42. The Court observes that in the present case the applicant was ordered to pay a fine of more than three times her monthly old-age pension (see paragraph 32 above). Non-payment of that fine could have entailed prosecution for a separate offence under Article 20.25 of the CAO, resulting in a doubled fine or administrative detention.
43. At the same time, it is noted that the domestic court fined the applicant the minimum amount possible under Article 20.2 § 2 of the CAO. Moreover, the justice of the peace allowed it to be paid in three monthly instalments, which was the best possible solution under Article 31.5 of the CAO. Indeed, the constitutional ruling of 14 February 2013 made it possible for the domestic courts to reduce the fine to below the statutory minimum. The matter was examined by the reviewing courts, which considered that the lower courts had reached reasoned conclusions when determining the applicant’s penalty. The Court further notes that the applicant did not specify in the domestic proceedings or before the Court whether she had any other income in addition to her pension. In any event, she paid the fine on time in three instalments and was not prosecuted under Article 20.25 of the CAO.
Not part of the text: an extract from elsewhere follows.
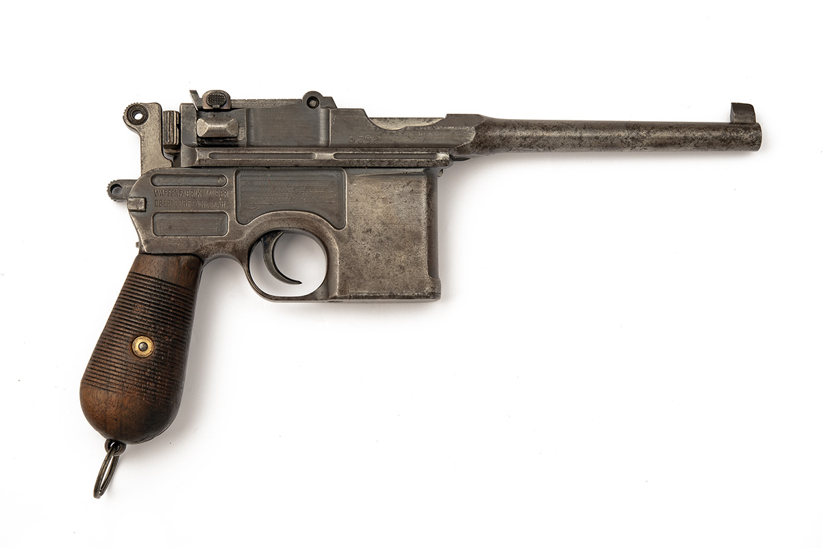 circa 1914, with tapering 5 1/2in. barrel, short extractor claw to bolt, 1000 metre rear-sight, small ring hammer with new style safe, milled sides to the frame, 31-groove walnut bag-shaped grips, fair traces of finish, complete with a good reproduction holster-stock

44. On the basis of the material in its possession, the Court finds no indication that payment of the administrative fine placed the second applicant in a situation of serious deprivation or want incompatible with human dignity. Therefore, even though her situation was difficult, the Court considers that there are insufficient elements to conclude that the second applicant was subjected to inhuman or degrading “punishment” within the meaning of Article 3. It follows that this complaint is manifestly ill-founded and must be rejected, pursuant to Article 35 §§ 3 (a) and 4 of the Convention.
III. ALLEGED VIOLATION OF ARTICLE 5 § 1 OF THE CONVENTION
45. The applicants complained that they had been unlawfully deprived of their liberty on 15 September 2012. They relied on Article 5 § 1 of the Convention, which in so far as relevant reads as follows:
“1. Everyone has the right to liberty and security of person. No one shall be deprived of his liberty save in the following cases and in accordance with a procedure prescribed by law:
… (c) the lawful arrest or detention of a person effected for the purpose of bringing him before the competent legal authority on reasonable suspicion of having committed an offence or when it is reasonably considered necessary to prevent his committing an offence or fleeing after having done so; …”
46. The Government submitted that the applicants had been escorted to the police station for the purpose of compiling an administrative-offence record and had been retained there for two hours, which was not excessive.
47. The applicants maintained their complaints.
48. As to the first applicant, she confined her complaint under Article 5 of the Convention to stating that the police officer had not warned her about her ongoing unlawful conduct and had not respected the procedure for terminating a public event, and that the arrest had been sudden and thus unlawful. In the Court’s view, those submissions do not disclose any essential element pertaining to the legality of this type of deprivation of liberty under Russian law. Nor do they disclose any arbitrariness on the part of the authorities. Accordingly, this part of the application is manifestly ill‑founded and must be rejected in accordance with Article 35 §§ 3 (a) and 4 of the Convention. This finding is, however, without prejudice to examining the same facts as part of the “interference” under Articles 10 and 11 of the Convention below.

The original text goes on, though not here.